NPD may have tried to obscure the faces of the guilty, but the sales figures for September still showed evidence that publishers were getting killed. (Michael Pachter let loose some specific numbers, even though NPD didn't.) Sales were down once again for the most part, with a few bright spots. Overall, home console unit sales were down 20 percent over last year. Granted, last year September had the PS3 price drop boosting sales tremendously, but this year the PS3 had the Move introduction which was supposed to boost things. Still, Sony's PS3 sales were down 37 percent from last year's September, with 312,000 units sold.

The Wii suffered even more badly, with sales dropping 45% year-over-year down to 254,000 units. No wonder Nintendo is pushing for the 3DS to succeed, and and at higher prices for the software. They badly need something to replace the aging Wii's sales, and the DS line is sagging almost as much. So far we've seen nothing from Nintendo about what they might do to boost sales of the Wii this Christmas. The DS line is going to be hard to pump up, too, given that most fans are looking forward to the 3DS introduction.

Meanwhile, non-physical game sales were booming. NPD's first quarterly report on the subject estimated revenue from sources including used games, game rentals, game subscriptions, digital full game downloads, social network games, downloadable content, and mobile game apps combined to be at $2.6 to $2.9 billion, or roughly 70 to 80 percent of the $3.7 billion spent on new retail sales of hardware, software and accessories in the first six months of the year.

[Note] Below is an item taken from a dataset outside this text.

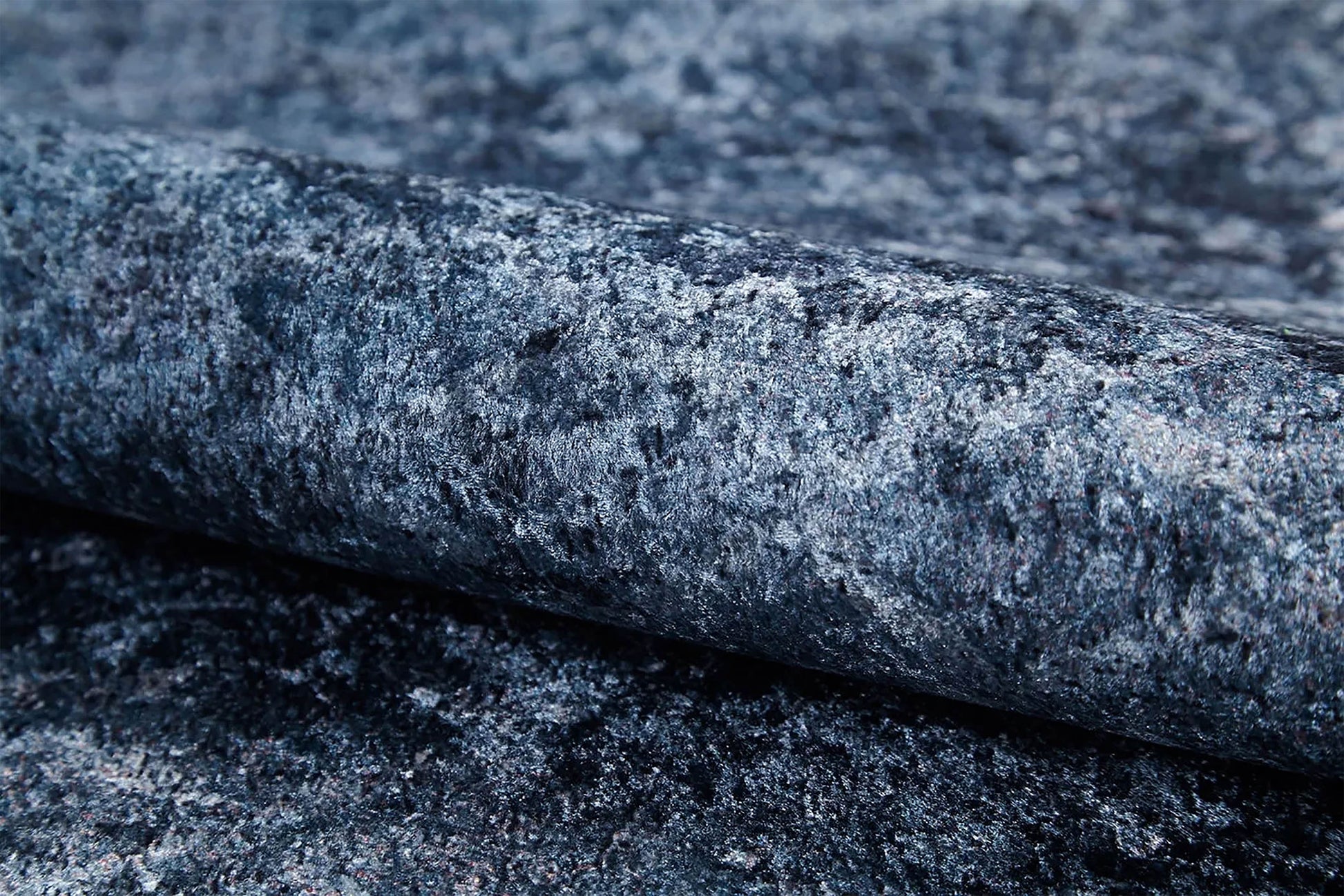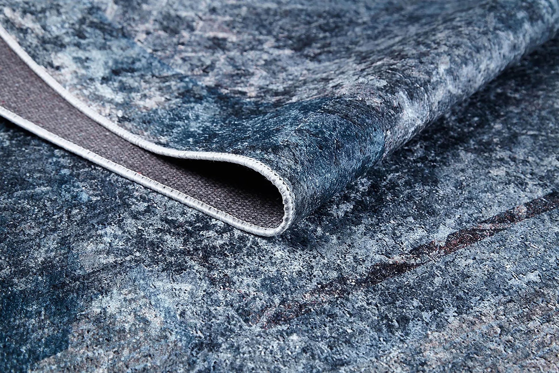 Yoğun mavi ve gri tonlarının sanatsal birleşimiyle soyut ve eskitme (vintage) bir görünüm sunar. Yüzeydeki hafif baklava deseni ve degrade renk geçişleri, halıya modern ve dinamik bir hava katar. Bordür yerine tüm yüzeye yayılan bu tasarım, mekana derinlik ve karakter katar. Yumuşak dokusu ve kaymaz taban özelliği sayesinde oturma odası, yatak odası ve modern dekorasyonlu ofisler için ideal, konforlu ve güvenli bir seçimdir.
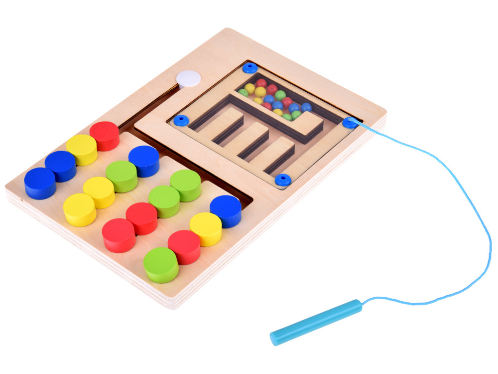 Magnetyczna drewniana układanka z kolorowymi kulkami i rysikiem – rozwijająca zabawa dla dzieci zabawka Montessori. Zabawka, która buduje pewność siebie i rozbudza dziecięce marzenia.

Given the relative growth rates of the two areas, I'd expect to see the revenue cross over sometime in the next year or two.

Which leads to why NPD would make these changes (referred to in this post) to scrub away specifics, and to add reporting on other game revenues. I believe NPD was under pressure from publishers to "do something" about the constant stream of bad sales numbers. A bad sales month here and there can be explained away; two years in a row of down sales can't be explained so easily. The monthly news release from NPD saying "sales continue to suck" leads to self-fulfilling prophecy, as publishers cut back on spending, consumers get wind of things not going so well, projects get trimmed or slowed, and sales continue to slow. It's a vicious cycle.

One solution, if the news is bad, is to stop spreading the news. (Easier than fixing systemic problems or changing your business model, certainly.) So I suspect there was pressure from many sources for NPD to stop saying such nasty things... or at least, stop making it so specific by naming titles and publishers and specific hardware device sales. That way, even though the numbers still say "sales sucked last month" an individual publisher can say "Sure, maybe other publishers had a problem, but our title Call of Sequel of Honor II sold really well!"

NPD is obviously aware that game revenue from outside traditional channels is booming, so they want to cover it... but in such a way as to not embarrass those publishers who aren't moving into those areas. So the monthly pig gets a nice glossy lipstick and some eye makeup. Meanwhile, mobile, social, and free-to-play games are bringing home the bacon.